Two Way Anova

Posted in Statistics, Total Reads: 958

Definition: Two Way Anova

Two-ways ANOVA (Analysis of Variance) is a statistical technique that is used to study the differences among means of two or more populations with only two independent variables involved.

Essentially, ANOVA is used for test of means for two or more populations. It has a metric dependent i.e. measured using a ratio or interval scale. For a two-way ANOVA, there are two independent variables that are non-metric or categorical in nature. These independent variables are called factors. ANOVA seeks to identify sources of variation in the numerical dependent variable/response variable. The variation in the response variable (about its mean) is explained either by the independent variables (factors) or is unexplained (random error.

Variation in response variable about its mean = Explained variation   +    Unexplained variation                                                                                                                     by factors                       (random error)

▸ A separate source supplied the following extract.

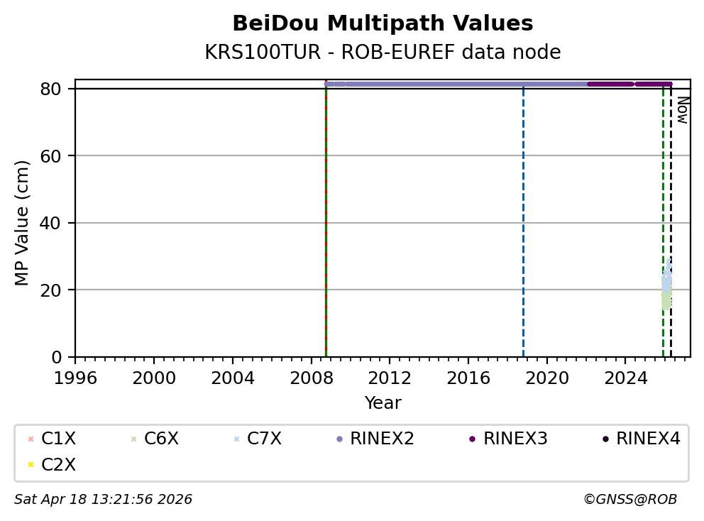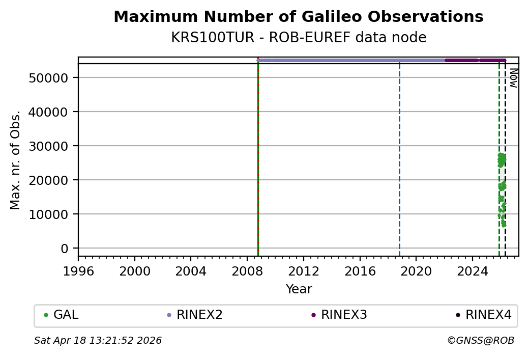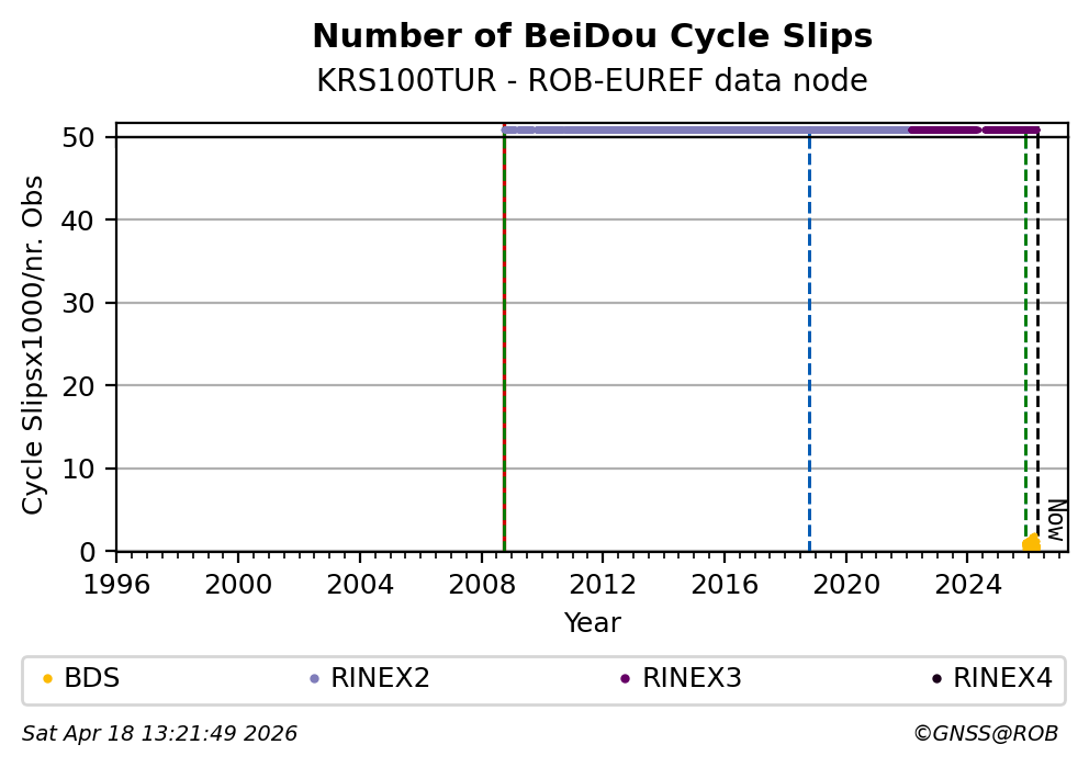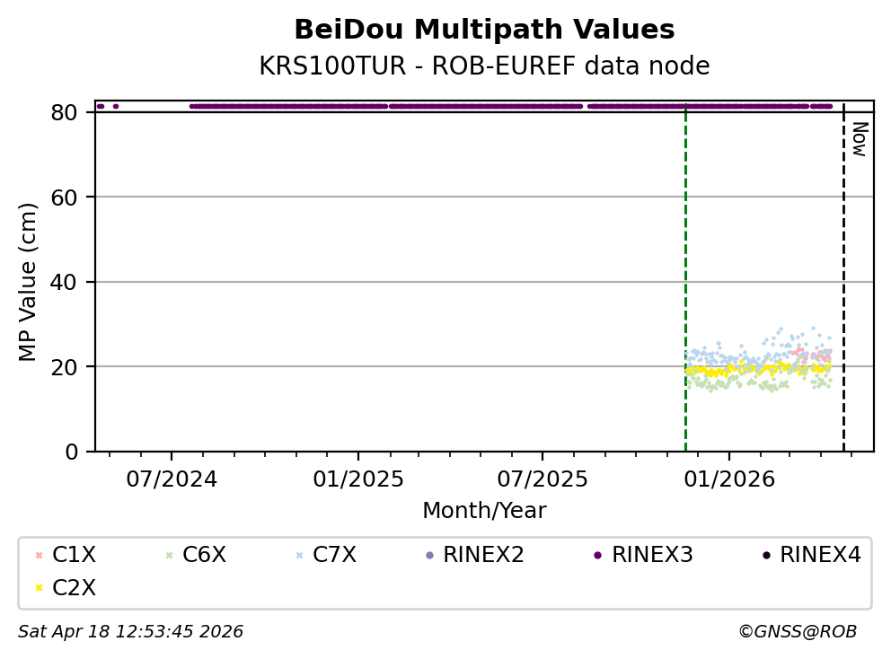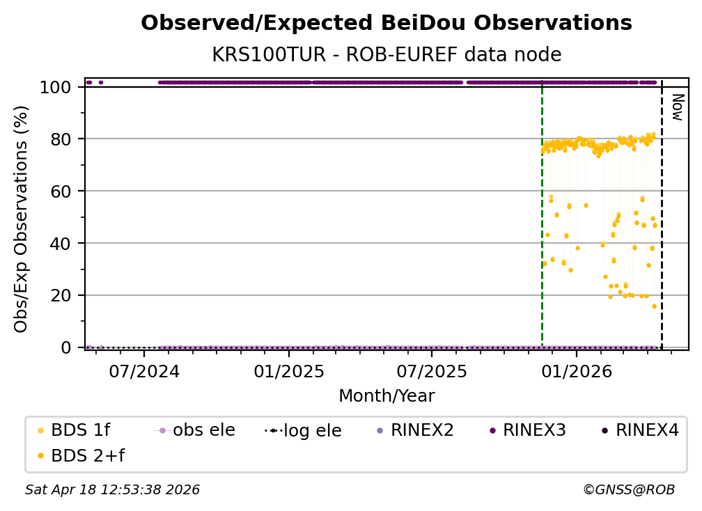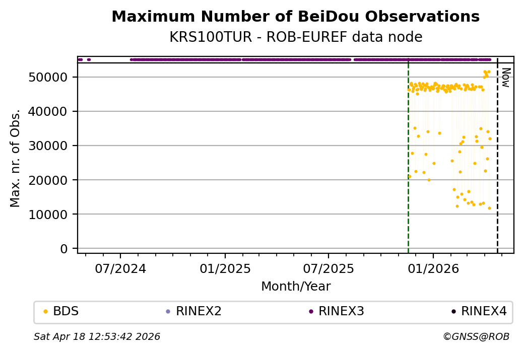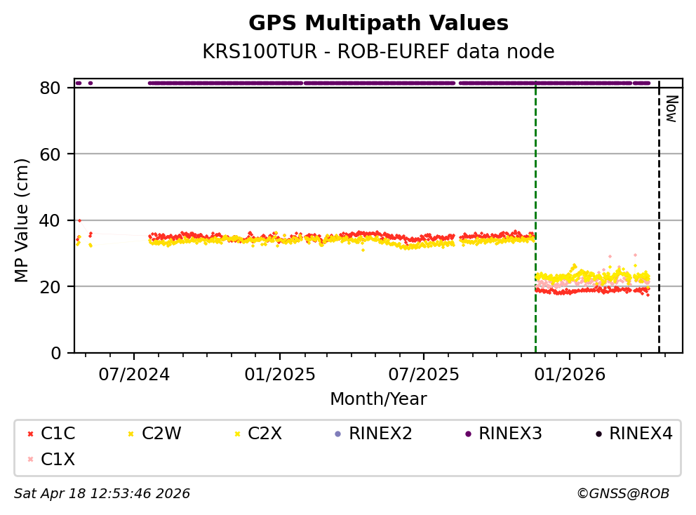 The plots below present the long-term tracking performance of the EPOS-GNSS station KRS100TUR based on the daily RINEX data available from the ROB-EUREF EPOS-GNSS data node. The data quality metrics have been computed at the data node using the G-Nut/Anubis software.

Each possible value of a factor or combination of factor is called treatment. Sample observations within each treatment are viewed as coming from populations with different means possibly. It is tested whether each factor has a significant effect on the response variable. ANOVA uses F distribution with null hypothesis that all means are equal.

For example:  A researcher would use two-way ANOVA to examine whether the product use (heavy, medium, light and non-drinkers) and brand loyalty (loyal and non-loyal) have different preferences towards a brand of soft drink.